> **Aim of the task**: Print the data below exactly as it stands, and keep the pictures out.

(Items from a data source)
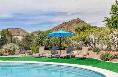 Welcome to this beautiful newly renovated Paradise Valley House with stunning views of Camelback Mountain, Piestewa Peak, Whispering Canyon, and Mummy Mountain in a exclusive and peaceful neighborhood. Short distance from amazing dining, shopping, nightlife, hiking, and golf! Private House equipped with 2 washer, 2 dryer and 2 full kitchens. Property includes heated pool*, pool loungers, umbrella, pool toys, basketball court and a small putting green.
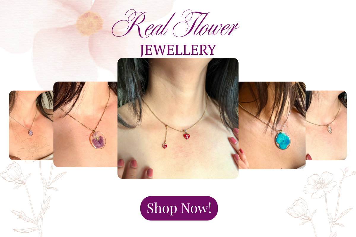 Totally in love with this real flower necklace, it is very unique and dainty. I would love to shop more. The travelling pouch is very convenient. Thanks!
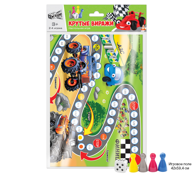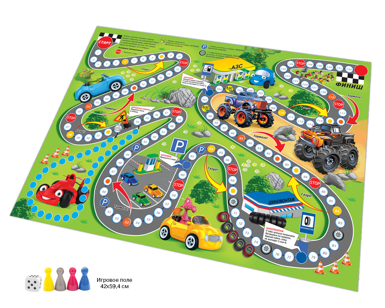 Увлекательная игра-ходилка в пакете с хеддером с 4-мя фишками необычных цветов (серебристый, малиновый, королевский синий, ярко-желтый). Увлекательная и понятная всем игра, которую легко взять с собой в поездку. Яркое большое игровое поле 594х420мм.
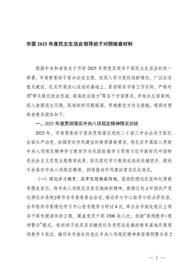 2025年度民主生活会对照检查材料民主生活会,对照检查材料,对照检查,
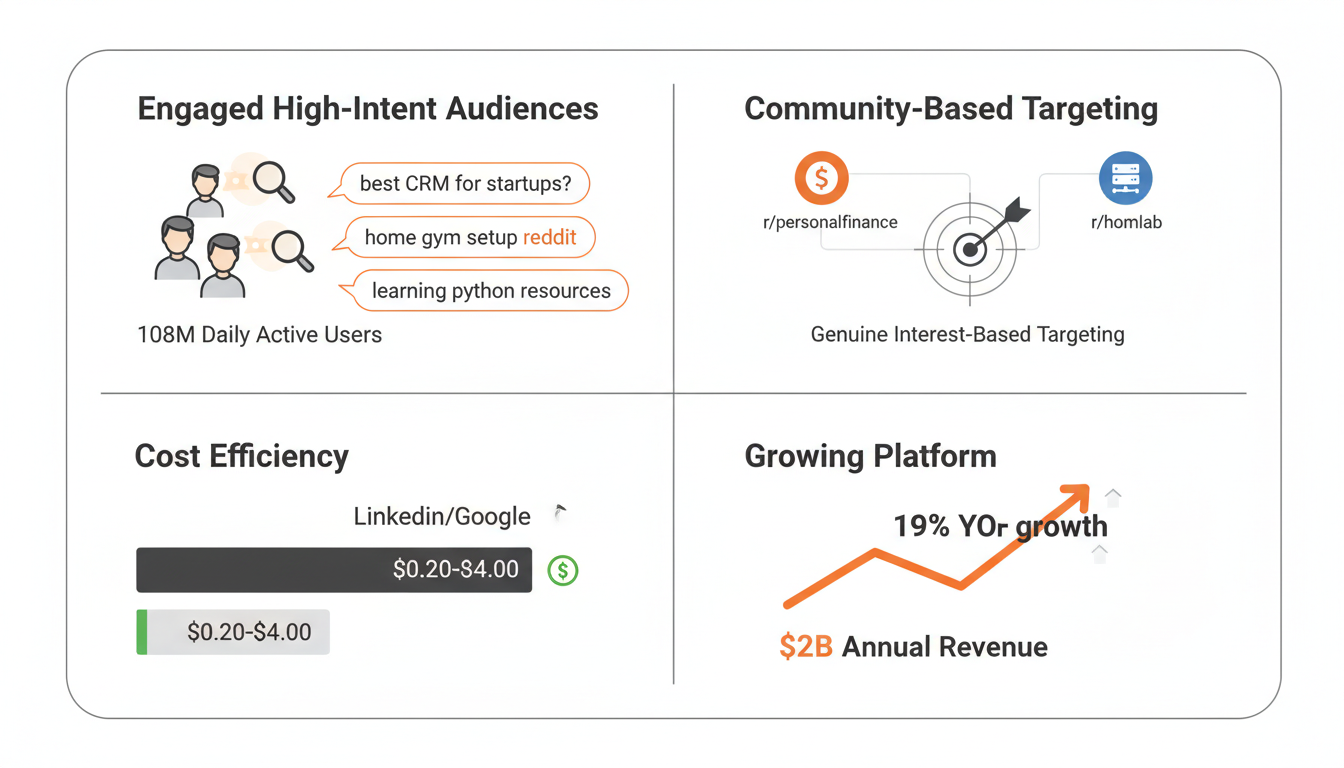 Reddit's advertising platform is built around a self-serve model that allows businesses of any size to reach the platform's unique audience. Unlike traditional social networks where content often disappears quickly, Reddit conversations persist and compound over time, making advertising investment more valuable.
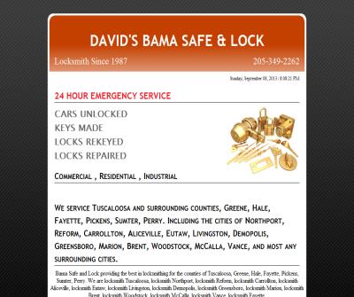 Bama Safe and Lock providing the best in locksmithing for the counties of Tuscaloosa, Greene, Hale, Fayette, Pickens, Sumter, Perry and for the cities of: Tuscaloosa, Northport, Reform, Carrollton, Aliceville, Eutaw, Livingston, Demopolis, Greensboro, Mar
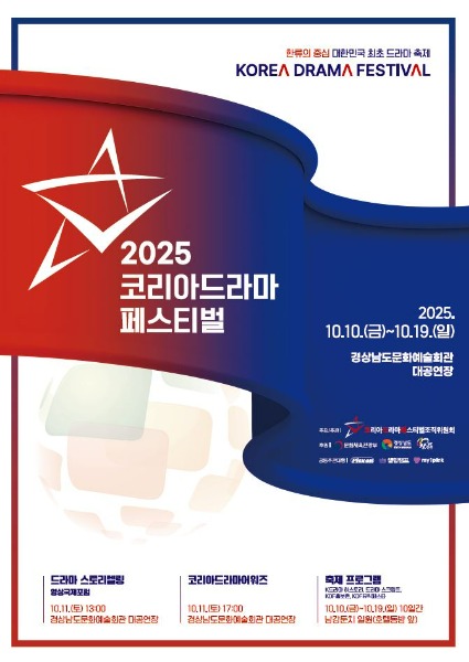 경상남도(도지사 박완수)는 10월 10일부터 19일까지 진주시 장대동 남강변과 경남문화예술회관일원에서 ‘2025 코리아드라마페스티벌(Korea Drama Festival, 이하 KDF)’이 개최된다고 밝혔다.
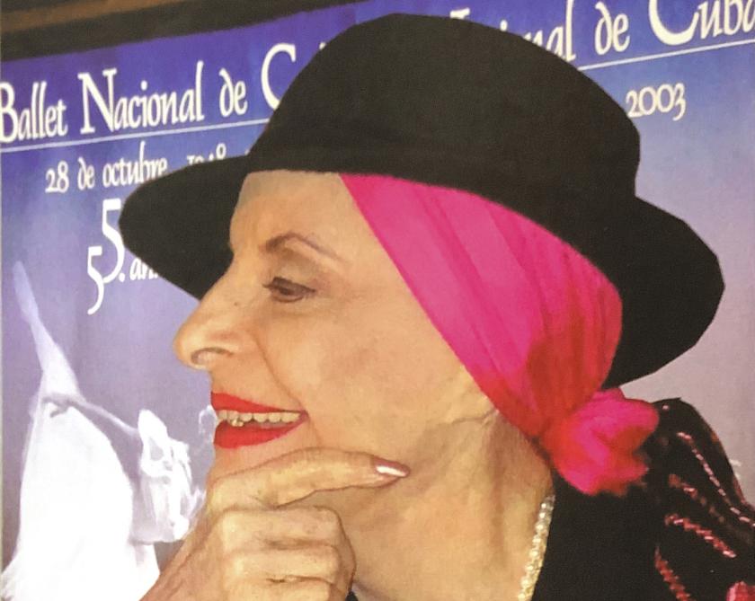 It is November in Havana, Cuba, in 2004. We are in her office in the Ballet Nacional de Cuba headquarters, bright and warm with the sunshine. Alicia Alonso sits, tiny, old, preserved as if by her own willpower in an exotic majesty that feels exciting to encounter. She is all strong colours, wearing a royal blue dress and matching turban, black glasses over her famous eyes, her skin stretched tight over a face that is unnaturally, thickly made-up. Her long curved nose and long red slash of mouth underneath make a forbidding, intense, glamorous impression, like an ancient Spanish duenna. She is reluctant to smile for the photographer, preferring to poke her nose upwards and stretch the lips thinly across the face.
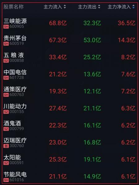 资金净流入十大人气热股:
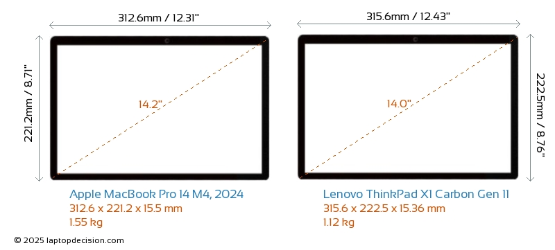 Audio JackBoth MacBook Pro 14 M4, 2024 and ThinkPad X1 Carbon Gen 11 are equipped with a 3.5mm Audio Jack, providing seamless connection to headphones and speakers.
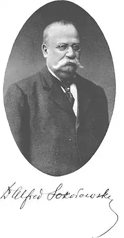 Alfred Marcin Sokołowski (11 November 1849 in Włodawa - 8 March 1924 in Warsaw) was a Polish pulmonologist and professor of the University of Warsaw. He specialised in the field of Phthisiatry (study of tuberculosis) and he was one of the pioneers of modern treatment to diseases of the respiratory system.
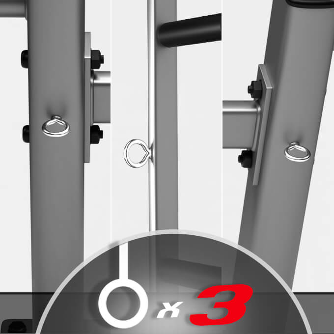 Unser Anspruch ist es, unsere Geräte so zu konzipieren, dass sie möglichst vielfältig einsetzbar sind. Deswegen haben wir unsere KS400 mit praktischen Ösen ausgestattet. Die Mittlere ermöglicht das Einhängen eines Boxsackes, die zwei Äußeren bieten Ihnen ein Training mit Schlingen, TRX Bändern oder Power Ropes.

> **Response below**:
 Welcome to this beautiful newly renovated Paradise Valley House with stunning views of Camelback Mountain, Piestewa Peak, Whispering Canyon, and Mummy Mountain in a exclusive and peaceful neighborhood. Short distance from amazing dining, shopping, nightlife, hiking, and golf! Private House equipped with 2 washer, 2 dryer and 2 full kitchens. Property includes heated pool*, pool loungers, umbrella, pool toys, basketball court and a small putting green.
 Totally in love with this real flower necklace, it is very unique and dainty. I would love to shop more. The travelling pouch is very convenient. Thanks!
 Увлекательная игра-ходилка в пакете с хеддером с 4-мя фишками необычных цветов (серебристый, малиновый, королевский синий, ярко-желтый). Увлекательная и понятная всем игра, которую легко взять с собой в поездку. Яркое большое игровое поле 594х420мм.
 2025年度民主生活会对照检查材料民主生活会,对照检查材料,对照检查,
 Reddit's advertising platform is built around a self-serve model that allows businesses of any size to reach the platform's unique audience. Unlike traditional social networks where content often disappears quickly, Reddit conversations persist and compound over time, making advertising investment more valuable.
 Bama Safe and Lock providing the best in locksmithing for the counties of Tuscaloosa, Greene, Hale, Fayette, Pickens, Sumter, Perry and for the cities of: Tuscaloosa, Northport, Reform, Carrollton, Aliceville, Eutaw, Livingston, Demopolis, Greensboro, Mar
 경상남도(도지사 박완수)는 10월 10일부터 19일까지 진주시 장대동 남강변과 경남문화예술회관일원에서 ‘2025 코리아드라마페스티벌(Korea Drama Festival, 이하 KDF)’이 개최된다고 밝혔다.
 It is November in Havana, Cuba, in 2004. We are in her office in the Ballet Nacional de Cuba headquarters, bright and warm with the sunshine. Alicia Alonso sits, tiny, old, preserved as if by her own willpower in an exotic majesty that feels exciting to encounter. She is all strong colours, wearing a royal blue dress and matching turban, black glasses over her famous eyes, her skin stretched tight over a face that is unnaturally, thickly made-up. Her long curved nose and long red slash of mouth underneath make a forbidding, intense, glamorous impression, like an ancient Spanish duenna. She is reluctant to smile for the photographer, preferring to poke her nose upwards and stretch the lips thinly across the face.
 资金净流入十大人气热股:
 Audio JackBoth MacBook Pro 14 M4, 2024 and ThinkPad X1 Carbon Gen 11 are equipped with a 3.5mm Audio Jack, providing seamless connection to headphones and speakers.
 Alfred Marcin Sokołowski (11 November 1849 in Włodawa - 8 March 1924 in Warsaw) was a Polish pulmonologist and professor of the University of Warsaw. He specialised in the field of Phthisiatry (study of tuberculosis) and he was one of the pioneers of modern treatment to diseases of the respiratory system.
 Unser Anspruch ist es, unsere Geräte so zu konzipieren, dass sie möglichst vielfältig einsetzbar sind. Deswegen haben wir unsere KS400 mit praktischen Ösen ausgestattet. Die Mittlere ermöglicht das Einhängen eines Boxsackes, die zwei Äußeren bieten Ihnen ein Training mit Schlingen, TRX Bändern oder Power Ropes.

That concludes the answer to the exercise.